[Provided material]

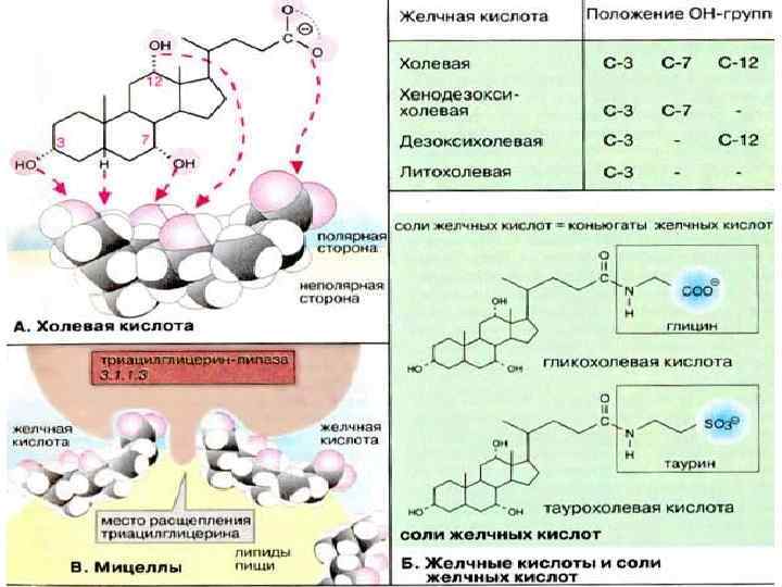 Мицеллы В связи с наличием в структуре α-гидроксильных групп желчные кислоты и соли желчных кислот являются амфифильными соединениями и обладают свойствами детергентов (см. с. 34). Основные функции желчных кислот состоят в образовании мицелл, эмульгировании жиров и солюбилизации липидов в кишечнике. Это повышает эффективность действия панкреатической липазы и способствует всасыванию липидов (см. с. 264). На рисунке показано, как молекулы желчных кислот фиксируются на мицелле своими неполярными частями, обеспечивая ее растворимость. Липаза агрегирует с желчными кислотами и гидролизует жиры (триацилглицерины), содержащиеся в жировой капле.
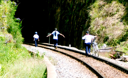 Trong đợt mưa lũ vừa qua, cầu gỗ Phú Kiểng bắc qua sông Cái Nha Trang bị lũ cuốn trôi, gây gián đoạn việc đi lại của người dân các xã, phường phía bắc TP. Nha Trang. Do đó, để đến được Trường THCS Cao Thắng (thuộc xã Vĩnh Ngọc) nằm bên kia sông, học sinh đã phải chui qua hầm đường sắt ....
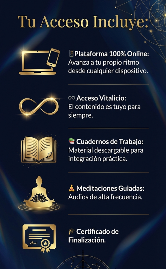 Este programa integra tres herramientas fundamentales —Registros Akáshicos, El Lenguaje de los Sueños y Tu Yo Futuro— para armonizar tu energía y revelar tu propósito desde un espacio de consciencia profunda. A diferencia de cursos aislados, esta trilogía ofrece un sistema de navegación integral para alinear tu historia álmica con tu realidad presente y tus potenciales futuros.
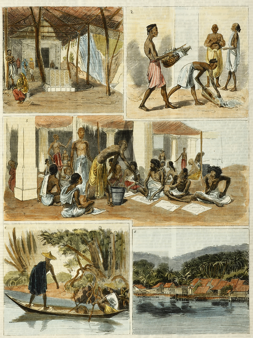 1.Waterfall and Temple 2. Gathering up the Remnants 3.The Feast 4.Malay Fisherman 5.A Malay Village. From the original edition of the The Graphic.

[/Provided material]

Assignment
Without any pictures, transcribe the listing above exactly as written.

Answer space
 Мицеллы В связи с наличием в структуре α-гидроксильных групп желчные кислоты и соли желчных кислот являются амфифильными соединениями и обладают свойствами детергентов (см. с. 34). Основные функции желчных кислот состоят в образовании мицелл, эмульгировании жиров и солюбилизации липидов в кишечнике. Это повышает эффективность действия панкреатической липазы и способствует всасыванию липидов (см. с. 264). На рисунке показано, как молекулы желчных кислот фиксируются на мицелле своими неполярными частями, обеспечивая ее растворимость. Липаза агрегирует с желчными кислотами и гидролизует жиры (триацилглицерины), содержащиеся в жировой капле.
 Trong đợt mưa lũ vừa qua, cầu gỗ Phú Kiểng bắc qua sông Cái Nha Trang bị lũ cuốn trôi, gây gián đoạn việc đi lại của người dân các xã, phường phía bắc TP. Nha Trang. Do đó, để đến được Trường THCS Cao Thắng (thuộc xã Vĩnh Ngọc) nằm bên kia sông, học sinh đã phải chui qua hầm đường sắt ....
 Este programa integra tres herramientas fundamentales —Registros Akáshicos, El Lenguaje de los Sueños y Tu Yo Futuro— para armonizar tu energía y revelar tu propósito desde un espacio de consciencia profunda. A diferencia de cursos aislados, esta trilogía ofrece un sistema de navegación integral para alinear tu historia álmica con tu realidad presente y tus potenciales futuros.
 1.Waterfall and Temple 2. Gathering up the Remnants 3.The Feast 4.Malay Fisherman 5.A Malay Village. From the original edition of the The Graphic.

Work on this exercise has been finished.